Payment Data Enrichment: From Manual Cleaning to Neural Networks

What is data enrichment in banking? Cleaning data from payment transactions was initially a painstaking manual task. Seven years ago, we were learning to understand data, googling and searching the web for data. We started with a few thousand enriched transactions a month, but gradually we algorithmised the manual work and built our data engine. Today, we process thousands of times more transactions with a huge degree of automation.

What is payment data for anyway?

Payment transaction data is ugly, unstructured data that has virtually no use in its raw form. There is no uniform standard for how to record it, and on a statement you may see data like:

"KAUFLAND THANKS YOU" or "ALBERT 0598".

Our aim is to transform it into something better. Which means understanding which specific business the transaction happened at and to enrich the information with the exact location, logo and type of purchase. Essentiall

On the left is an example of a payment card data from which we make cleaned and enriched data (right).

In the beginning, it was manual work

When we started in 2013, we had to manually clean the data. We had hired mothers on maternity leave to help us with this. Sometimes it was resembled a detective`s work. It's not enough just to identify the keyword "Tesco". You need to understand whether it's a specific Tesco store, a purchase at Tescoma or even a withdrawal from a Tesco ATM. Each entry needs to be properly identified.

Of course, this was not a scalable approach. As the business grew, we started to algorithmise and automate the work. What we used to do intuitively, we rewrote into individual technical steps.

But along with the automation of data cleansing, the error rate started to increase. We needed to introduce statistical algorithms and neural networks that could detect abnormalities and algorithm errors. It was necessary to find out why the error occurred and how to prevent it. This is long-term, systematic and consistent work.

For example, it may happen that a retail chain closes a branch in Liberec and moves the payment terminal to a store in Pilsen. But nobody updates the terminal and transactions are still recorded as Shop XY, Liberec. We need to have methods to recognize this. Statistical algorithms analyze the sequence of purchases and alert us to abnormalities.

Cleaning the data is a lot of small steps

Terminal data is often incomplete and sometimes downright misleading. A typical case are McDonald's that operate as franchises. It is not the brand that is shown on the transaction record, but the legal entity that operates the franchise. We then have to laboriously track down who is really behind the business and correctly identify them.

We still need a human in the process, but most algorithms are already making do on their own and don't get to manual assessment.

From thousands to hundreds of millions

For the first few years, the number of automatically identified transactions grew only gradually. In 2018, we were only able to enrich about 100,000 transactions per month.

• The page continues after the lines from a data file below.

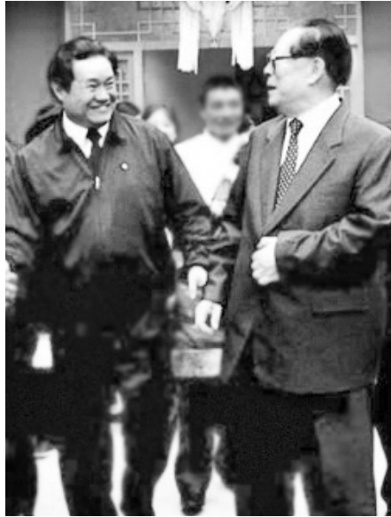
周永康（左）当年积极追随江泽民迫害法轮功，成为中共政法委书记，现因贪腐被判无期徒刑入狱。

江泽民曾到四川视察，听汇报时，对迫害死43名法轮功学员的四川省委书记周永康大加赞赏。周遂被重用，成为中
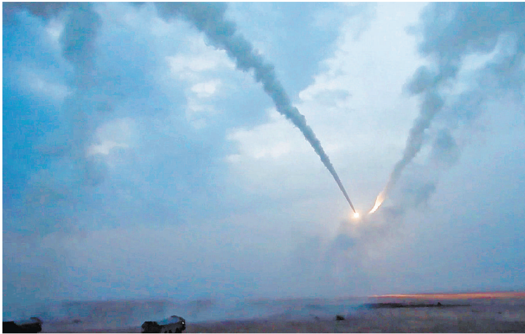
Практически каждый день Минобороны России сообщает о нанесении ударов высокоточными ракетами по военным объектам Украины. Для этого в том числе применяют комплексы «Бастيون».
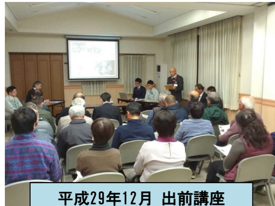
平成29年12月 出前講座
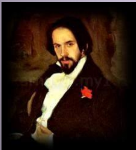
Иван Яковлевич Билибин
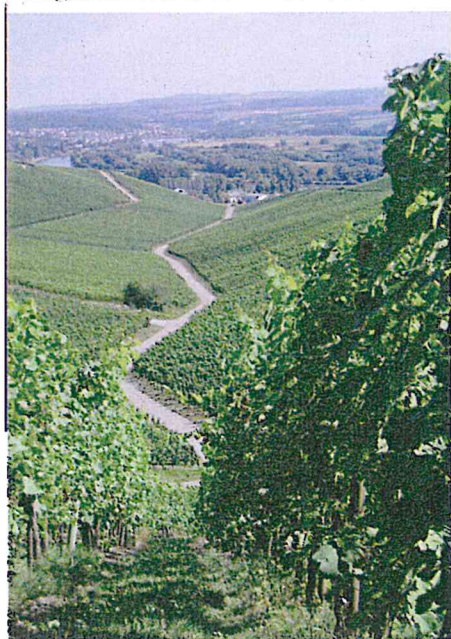
La vallée de la Moselle

Echternach, charmante capitale de cette Petite Suisse, est entourée de collines boisées, dans la basse vallée de la Sûre. Les ruelles du centre historique sont bordées de jolies maisons traditionnelles et sur la place du Marché se dresse l'ancien palais de justice avec ses arcades gothiques et ses échauguettes. La basilique Saint Willibrord est l'un des plus importants sanctuaires du pays, où les pèlerins se rendent en procession dansante le mardi suivant la Pentecôte. Echternach est une base idéale pour les amateurs de vélo ou de marche : 112 km de sentiers pédestres, labellisés "Leading Quality Trails - Best of Europe", bien fléchés et entretenus emmènent les randonneurs à la découverte de vues panoramiques, gorges encaissées ou sentiers le long des rivières et cascades. Certains passages sont parfois étroits (40 cm) entre les parois rocheuses.

But as volumes increased, we had to upgrade our data engine. You can see the staircase on the chart, where we jumped up to 30% thanks to new algorithms. Today, we process over half a billion transactions per month, which is about three times the volume of data in the entire Czech Republic.

There's still room for growth

The infrastructure of payment terminals is constantly changing. The lifetime of a terminal is 3 to 4 years. This means that 25% of terminals are replaced every year and we have to correctly identify and reassign them.

We are improving our engine and inventing new ways to make data cleaning more accurate and even more automated. We've only just started adding really advanced algorithms and we see incredible potential.

At the same time, we're opening up foreign markets where we have to start practically from scratch. We're discovering new and new problems there, but ultimately they're going to push us further.

Our huge advantage is that we are not only enriching the data, but also working with the outputs. Within the company, we have products that allow customers to run marketing campaigns that are precisely targeted simply thanks to information about consumer payment behavior.

This allows us to constantly see how valuable the data is and what can be learned from it. The connection is unique.